Rhinoceros

"Rhinoceros" translated from playwright Eugène Ionesco's Romanian play, is KU Theatre's latest production.

Local theater specialist Ric Averill will direct Lawrence theater yet again, with a University Theatre production of “Rhinoceros” this weekend and next week. The Broadway production of the play received a Tony Award in 1961.

“Rhinoceros” highlights government systems including totalitarianism, xenophobia and fascism. Averill said there is no better time for this play, as the United States is currently experiencing these issues, although playwright Eugène Ionesco wrote the work in reaction to the rise of fascism in Romania.

“Rhinoceros was a classic of the absurdist theater movement that was written in the 1950s,” Averill said.

The play takes place in France and follows a character named Berenger, who is a bit of a mess, as displayed through his heavy drinking. His friend meets him at a cafe to tell him to clean up his act. During their chat, a rhinoceros tramples through the town.

As the play progresses, everyone except Berenger turns into a rhinoceros, which Averill said is a metaphor for ideological conformity. In other words, Berenger is the last man standing.

The show is also a metaphor for the Trump administration, according to Averill. The main actor even wears a “Make America Great Again” hat for the entirety of the show.

“It’s comedic, political and revolutionary,” Averill said.

The production is estimated to be just over an hour long with no intermission.

Senior Josh Philoon plays Berenger. He said the show is thought-provoking and was created for the purpose of making the audience think.

“Everything meshes with our current political climate,” Philoon said. “Here we are, half a century later, grappling with these problems again.”

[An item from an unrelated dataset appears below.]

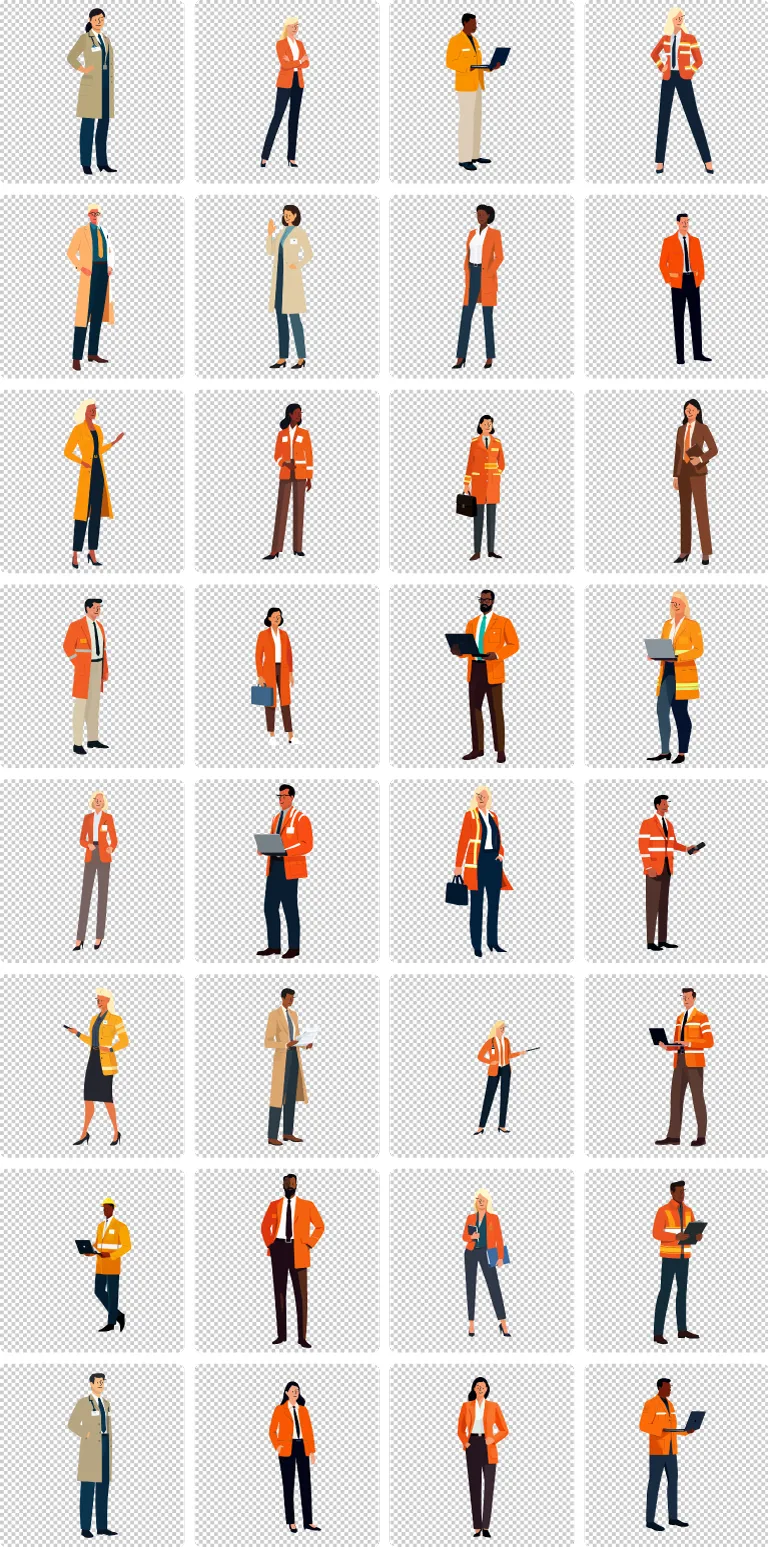 With a commercial-use license included, these illustrations provide flexible options for both digital and print applications. The neutral, professional aesthetic ensures they integrate naturally into corporate materials without overwhelming the design.

Thanks to theater professor Mark Reaney, the production includes contemporary digital and visual imagery. Media such as political cartoons, tweets and podcasts will be featured throughout the performance.

Averill said the play upholds a very smart type of humor.

“It’s droll humor,” Averill said. “It’s smart humor — it’s smart comedy.”

Showtimes include Friday at noon and Sunday at 2:30 p.m., as well as Saturday and Nov. 14 to 16 at 7:30 p.m. in Murphy Hall's intimate William Inge Memorial Theater.

Tickets are available at the Murphy Hall box office, online at www.kutheatre.com, and over the phone at both the Lied Center and the University Theatre.